# taz.de -- Interne Naziprotokolle aus dem "Freien Netz": NPD hofiert Schlägertrupp
       
       > Holger Apfel will die NPD als fürsorgliche Partei darstellen – und
       > fördert heimlich militante Kameradschaften. Der taz liegen nun die
       > internen Hassdebatten vor.
       
 (IMG) Bild: Nach Außen seriös: Holger Apfel bei der Wahl in Sachsen 2009.
       
       BERLIN taz | Nach Außen hin will Holger Apfel der rechtsextremen NPD einen
       braveren Anstrich geben. Statt offen vom Systemsturz zu reden, soll die
       Partei sich stärker um soziale Themen kümmern. "Seriöse Radikalität" nennt
       Apfel seinen angeblich moderateren Kurs, mit dem er es beim noch für diesen
       Monat geplanten Parteitag zum neuen Bundesvorsitzenden der NPD schaffen
       will.
       
       Doch abseits der Öffentlichkeit fördern Apfel und sein Landesverband die
       Neonazis des "Freien Netzes", einen Zusammenschluss militanter
       Kameradschaften aus Sachsen, Sachsen-Anhalt und Thüringen. Wie gefährlich
       dieses Netzwerk ist, geht aus einem internen Internetforum des "Freien
       Netzes" hervor, dessen Inhalt der taz zugespielt wurde.
       
       Dort bekennen sich die Kameraden freimütig als Nationalsozialisten,
       huldigen dem "Chef" Adolf Hitler oder wettern gegen "das transnationale
       Kapital unter Führung der USA und dessen Nahost-Brückenkopf Israel". Sie
       besprechen militante Vorhaben, wollen "das System wegblasen" und bejahen
       körperliche Gewalt – bis hin zum Töten von Polizisten.
       
       "Hard To Hate" nennt sich das klandestine Forum, nur führende Kader des
       "Freien Netzes" haben Zugriff darauf: 21 Neonazis, deren Propaganda und
       Aktionen aus Geldern der NPD finanziert werden. Der taz liegen 1.300
       interne Beiträge aus dem Forum vor.
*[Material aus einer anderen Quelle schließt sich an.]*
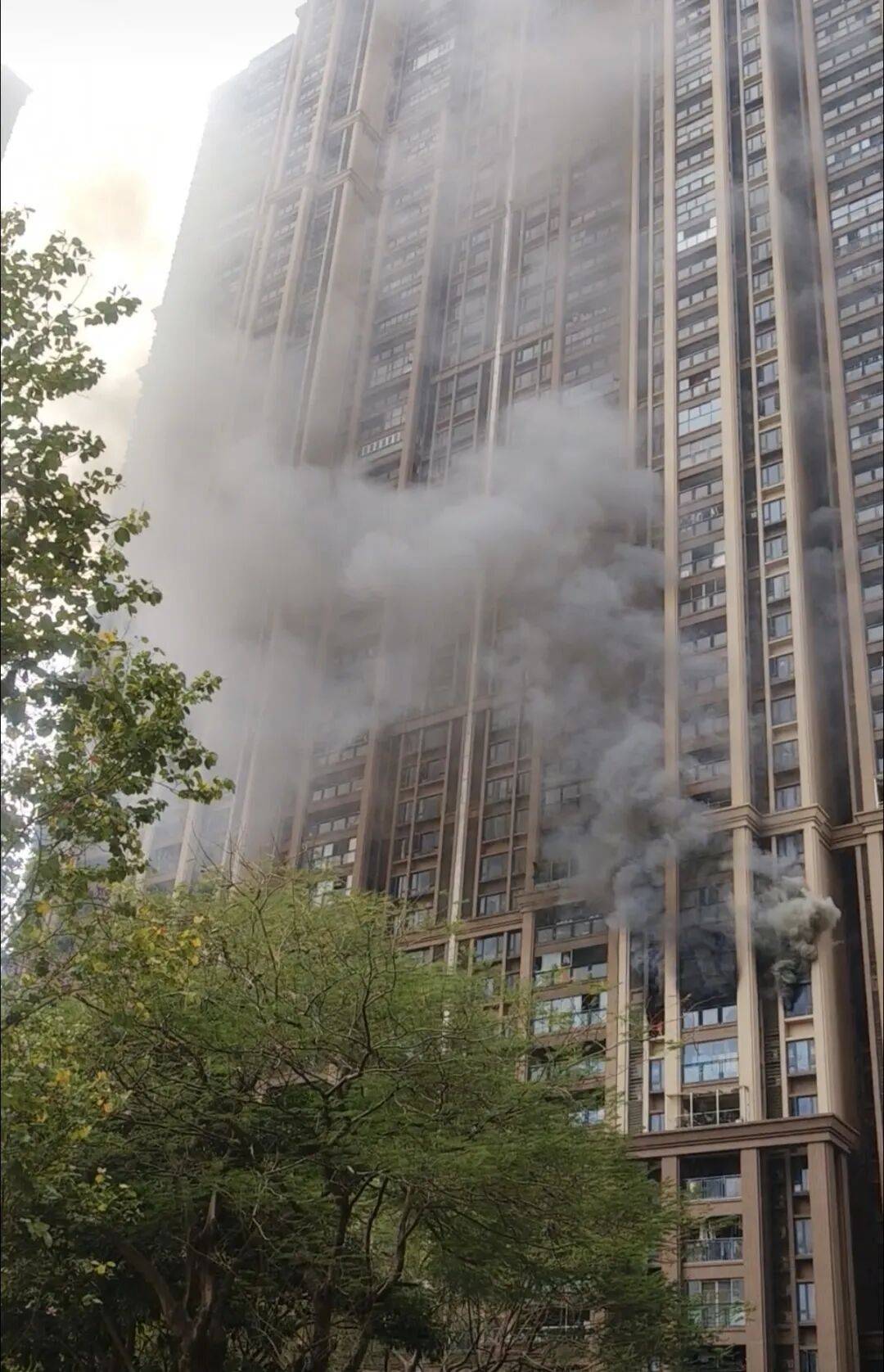 2月7日中午,广州市番禺区亚运城天誉小区一高层住宅突发火情,现场有浓烟涌出,烟味较大。

Sie stammen aus den Jahren 2008 und
       2009 und zeigen, wie Holger Apfels sächsischer NPD-Landesverband das
       tiefbraune "Freie Netz" gezielt in die Partei eingebunden hat.
       
       ## Den personellen Mangel der NPD ausnutzen
       
       Am 8. Januar 2009 schreibt in dem Forum ein "Sibelius", dass die NPD an ihn
       herangetreten sei, da die Partei aus Mangel an eigenem Personal ihre
       Wahllisten für Kandidaten aus dem Netz öffnen möchte. "Sibelius" fragt das
       Kadernetzwerk: "Entscheidet selber, ob wir die personelle Misslage der NPD
       für uns ausnutzen wollen." Man will. Hinter dem Decknamen "Sibelius" steckt
       Maik Scheffler aus der Kameradschaftsszene in Nordsachsen. Heute ist er
       NPD-Landesvize und Fraktionsmitarbeiter der Rechtsextremen im Dresdner
       Landtag.
       
       Das Angebot der NPD kam dem Netz wohl entgegen. Denn schon am 4. Dezember
       2008 weist Thomas Gerlach alias "Hugo", führender Kameradschaftskader aus
       Thüringen, auf die Gründung einer "Arbeitsgruppe Wahlkampf 2009" hin, die
       sicherstellen soll, dass auf Listen der NPD ihre Kader und so auch ihre
       militanten Positionen auftauchen.
       
       "Hugo", der sich im internen Forum selbst als Gerlach outet, schreibt:
       "Unserer Maxime treu bleibend, dass die NPD ausschließlich Mittel zum Zweck
       im politischen Kampf sein darf, wollen wir endlich neben radikalen
       Kandidaten auf den Listen auch endlich radikale Programmatiken unter der
       ,Marke' NPD transportieren."
       
       Das "Freie Netz" besteht seit 2007. Nach Einschätzung des
       Rechtsextremismusexperten Martin Langebach von der Universität Düsseldorf
       ist es die mobilisierungsfähigste, mitgliederstärkste und ideologisch
       gefestigtste Struktur der Kameradschaftsszene im Osten. Seine regionalen
       Untergruppen richten Aufmärsche aus, planen Schulungen oder veranstalten
       Konzerte. Bis zu 300 Aktivisten kann das Netz laut Beobachtern kurzfristig
       mobilisieren.
       
       ## Gewaltphantasien freien Lauf lassen
       
       In ihrem internen Forum reden die Neonazis Klartext. Dort wettern sie gegen
       "die Menschenrechte, die von volksfeindlichen liberaldemokratischen Denkern
       und Politikern zu einem universalen Dogma erhoben wurden". Und sie lassen
       ihren Gewaltfantasien freien Lauf. So schreibt Gerlach alias "Hugo" Ende
       2008 im Vorfeld der jährlichen Neonazi-Demo zum Jahrestag der Bombardierung
       Dresdens: "Wir haben uns überlegt eine Polizeiwache anzugreifen und
       abzufackeln". Scheffler alias "Sibelius" antwortet: "Ohne einen
       abzustechen? Ist ja langweilig!" Scheffler selbst sagte der taz am Sonntag
       auf Nachfrage: "Zu einem Forum des Freien Netzes kann ich nichts sagen."
       
       Nicht immer bleiben die rechtsextremen Kameraden bei Gewaltfantasien. Immer
       wieder greifen Aktivisten des "Freien Netzes" Ausländer und Linke an. Am 7.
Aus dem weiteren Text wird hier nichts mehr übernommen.